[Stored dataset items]
=== Begin Enclosure ===

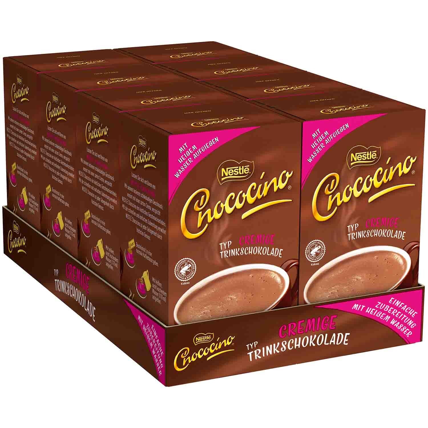 Romig chocoladegenot. De portiezakjes van Nestlé Chococino in een verpakking van 10 stuks zorgen voor een heerlijk aanbod chocoladeachtig drinkplezier in handig verpakte portiezakjes. Het romige drankpoeder kan eenvoudig met heet water worden bereid en overtuigt door zijn volle chocoladesmaak. Bewaar de goed gevulde doos in je keuken of gebruik de praktische tassen om uitstapjes en excursies in te slaan.
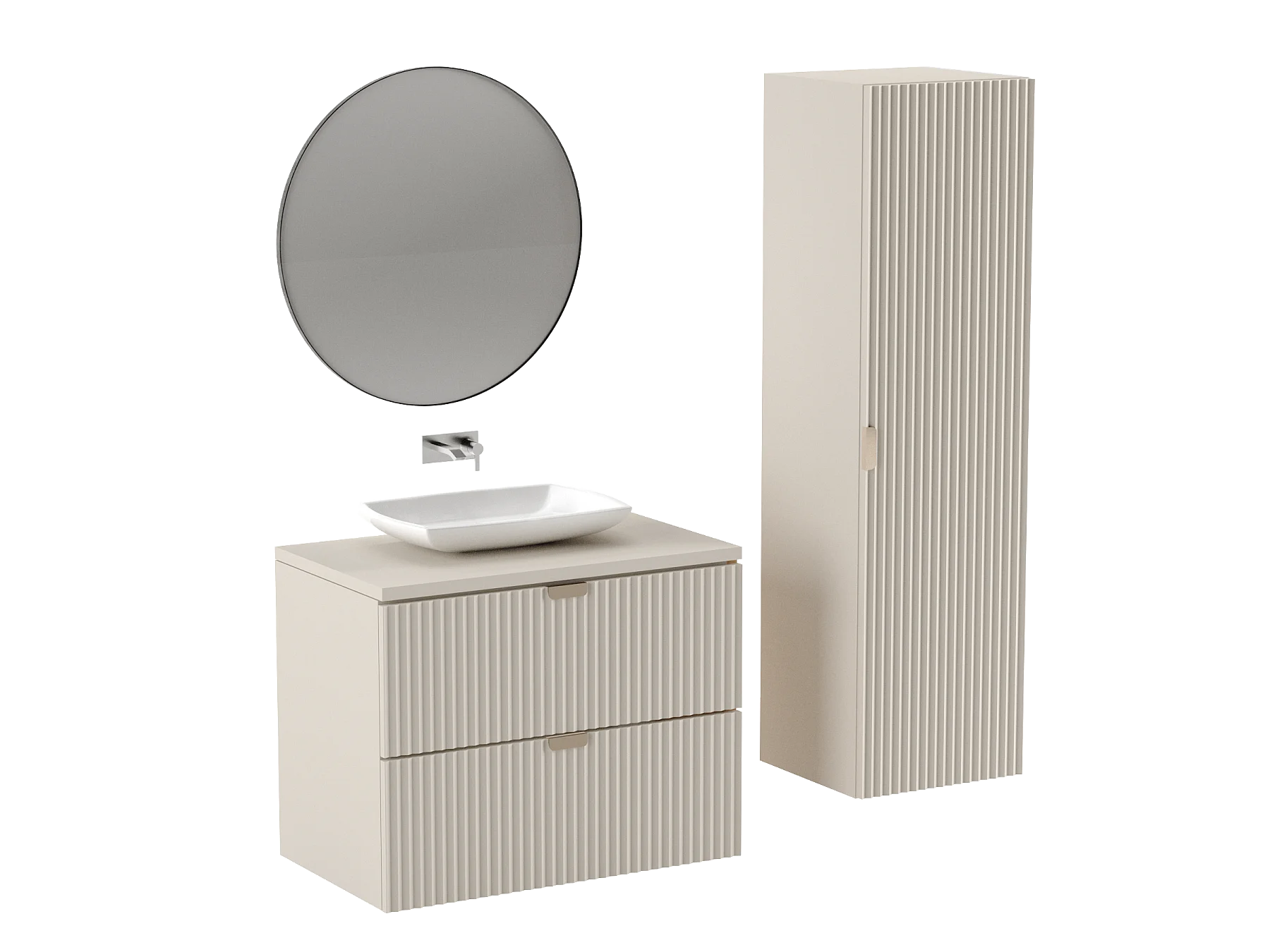 Wastafelkast WENA, gecanneleerde fronten, Willy, 80x60x47 cm, Kasjmir
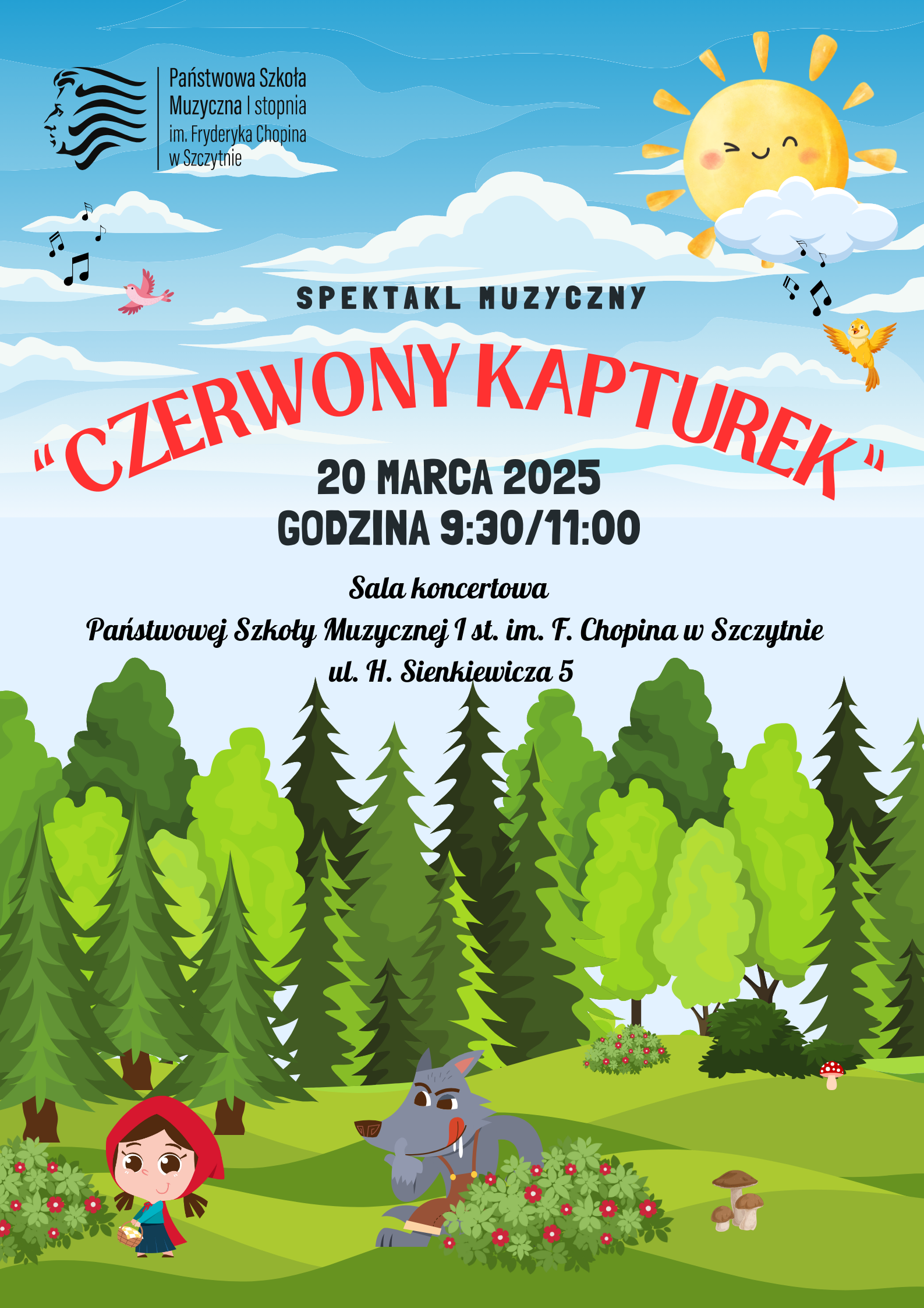 W najbliższy czwartek 20 marca 2025 r. w sali koncertowej PSM odbędzie się przedstawienie zamknięte - spektakl muzyczny pt. Czerwony Kapturek przygotowany przez uczniów i nauczycieli naszej szkoły dla sześciolatków z miejskich i gminnych przedszkoli.
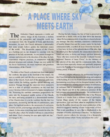 Orthodox Church represents a visible and During the holy liturgy, the Son of God is perceived to
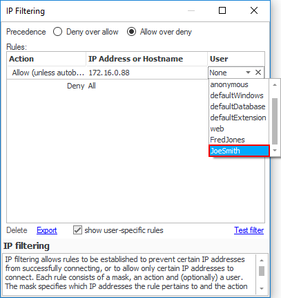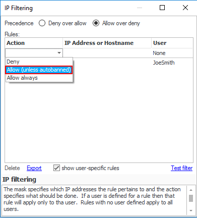 Why? If no rule applies to an incoming connection, then the first part of the precedence is used (i.e. 'Deny' for 'Deny over allow' and 'Allow' for 'Allow over deny'). Therefore, in this example, unless the user-specific rules that will be defined below apply, then an incoming connection will be allowed (Remember, in this example we are using the 'Allow over Deny' precedence).
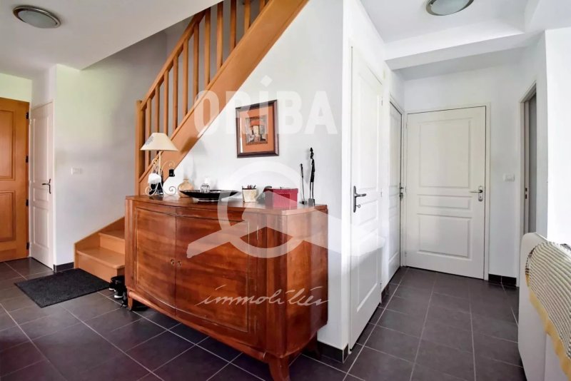 Entrée avec placard, toilettes, salon séjour ouvrant sur le jardin, cuisine aménagée et équipée, chambre, salle d'eau. A l'étage : dégagement, 3 chambres avec placards, salle de bains WC. GARAGE. +33 6 63 90 02 15 - +33 2 40 11 15 54
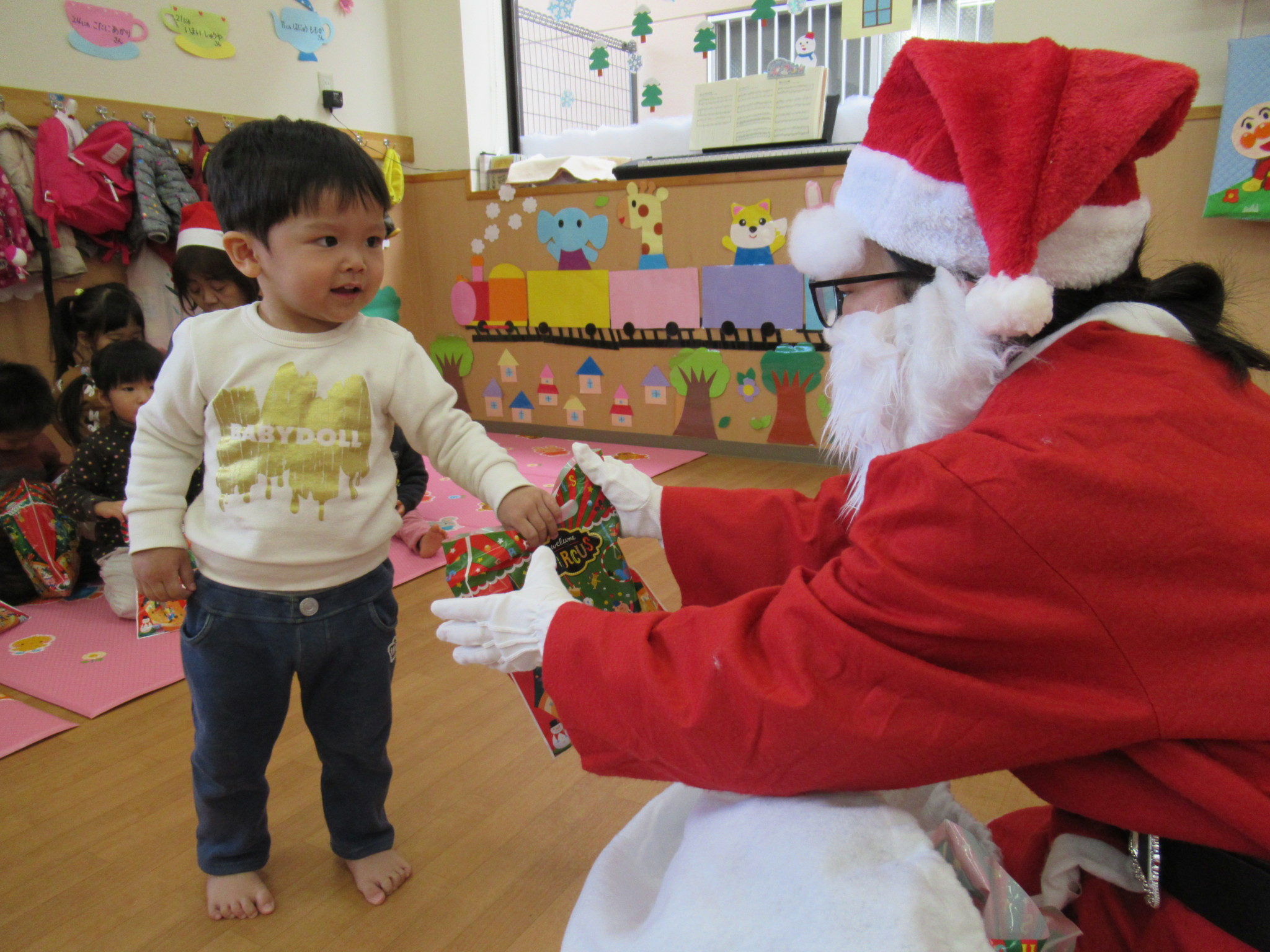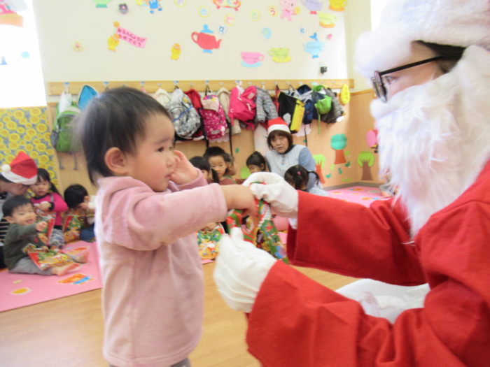 サンタさんの登場に、喜ぶ子・ビックリして固まっている子など様々な反応をしていました。

=== End Enclosure ===

● Problem: Beginning with the first entry above, reproduce every line verbatim until the line with "Orthodox Church represents", which is included too; omit pictures.

● Expected answer:
 Romig chocoladegenot. De portiezakjes van Nestlé Chococino in een verpakking van 10 stuks zorgen voor een heerlijk aanbod chocoladeachtig drinkplezier in handig verpakte portiezakjes. Het romige drankpoeder kan eenvoudig met heet water worden bereid en overtuigt door zijn volle chocoladesmaak. Bewaar de goed gevulde doos in je keuken of gebruik de praktische tassen om uitstapjes en excursies in te slaan.
 Wastafelkast WENA, gecanneleerde fronten, Willy, 80x60x47 cm, Kasjmir
 W najbliższy czwartek 20 marca 2025 r. w sali koncertowej PSM odbędzie się przedstawienie zamknięte - spektakl muzyczny pt. Czerwony Kapturek przygotowany przez uczniów i nauczycieli naszej szkoły dla sześciolatków z miejskich i gminnych przedszkoli.
 Orthodox Church represents a visible and During the holy liturgy, the Son of God is perceived to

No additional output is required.